• **About this task**
Give back, unaltered, the lines from the one with "Сумка из мягкой" to the end of the material, omitting pictures.

• **Exercise data**
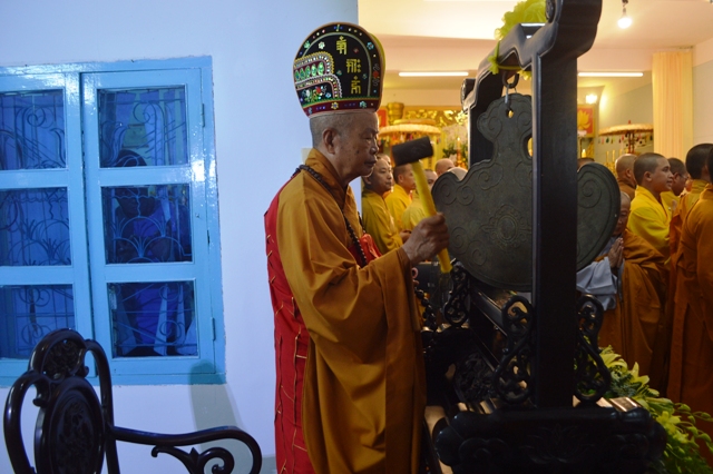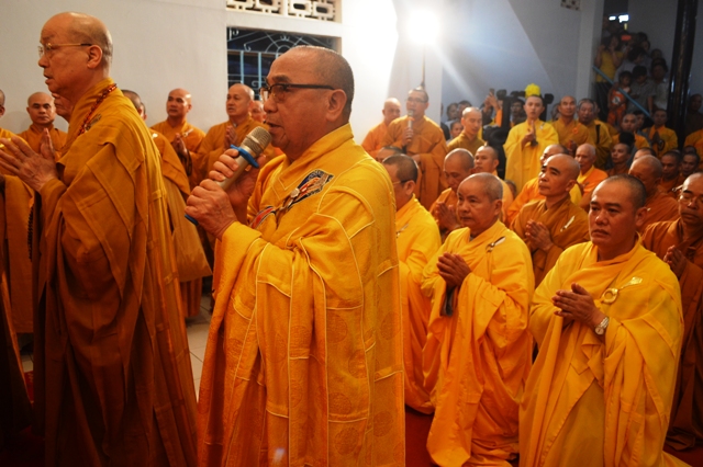 ĐĐ. Thích Tâm Hiền điều phối chương trình cung kính giới thiệu chư Tôn giáo phẩm Giáo hội Trung Ương và Ban Trị sự GHPGVN tỉnh Khánh Hòa tham dự.
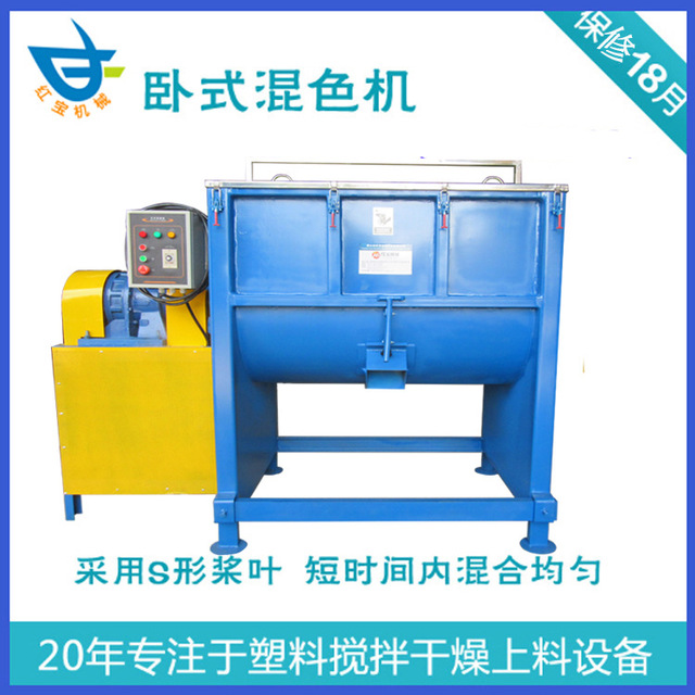 1000KG大型臥式混色機吸收了國內外粉體混合設備先進技術經驗,經紅寶產品研發部歷時三年改進而成,工藝精良,先進切割、焊接技術,堅固耐用,它與以往的立式攪拌機、臥式U型攪拌機不同,采用臥式圓筒結構,維修率大大降低,攪拌不留死角,均勻度大幅度提高,混合時間縮短至5-8分鐘,節能更高效,具有以下顯著優勢:
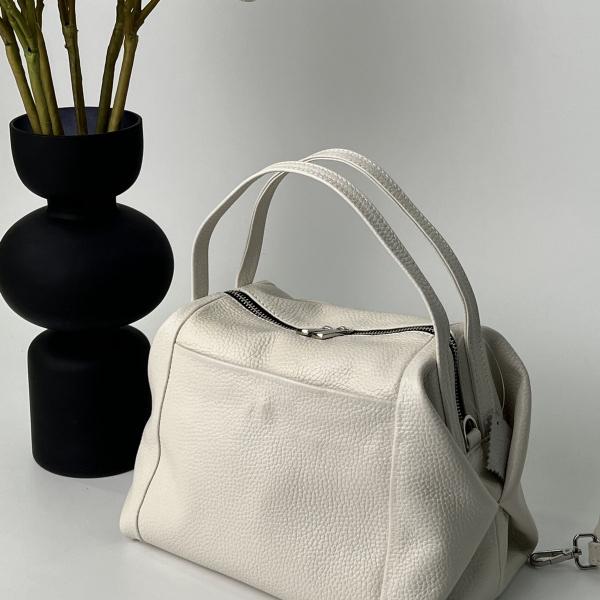 Сумка из мягкой натуральной кожи, очень шикарная модель, плечевой ремень в комплекте. Одно отделения которое закрываются на молнию, также есть дополнительный карман на молнии и без, боковые карманы на кнопке-магнит. Сумочку можно носить через плечо, очень удобная и стильная модель.
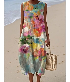Robe Midi Femme En Lin Comme Robe D'Été Robe Tunique Robe A-Line Vacances Décontractée Boho Plage Fête Sortie Coupe Ample Imprimé Floral Sans Manches Col Rond Bleu Gris Rose Beige Été Printemps

• **Response box**
 Сумка из мягкой натуральной кожи, очень шикарная модель, плечевой ремень в комплекте. Одно отделения которое закрываются на молнию, также есть дополнительный карман на молнии и без, боковые карманы на кнопке-магнит. Сумочку можно носить через плечо, очень удобная и стильная модель.
Robe Midi Femme En Lin Comme Robe D'Été Robe Tunique Robe A-Line Vacances Décontractée Boho Plage Fête Sortie Coupe Ample Imprimé Floral Sans Manches Col Rond Bleu Gris Rose Beige Été Printemps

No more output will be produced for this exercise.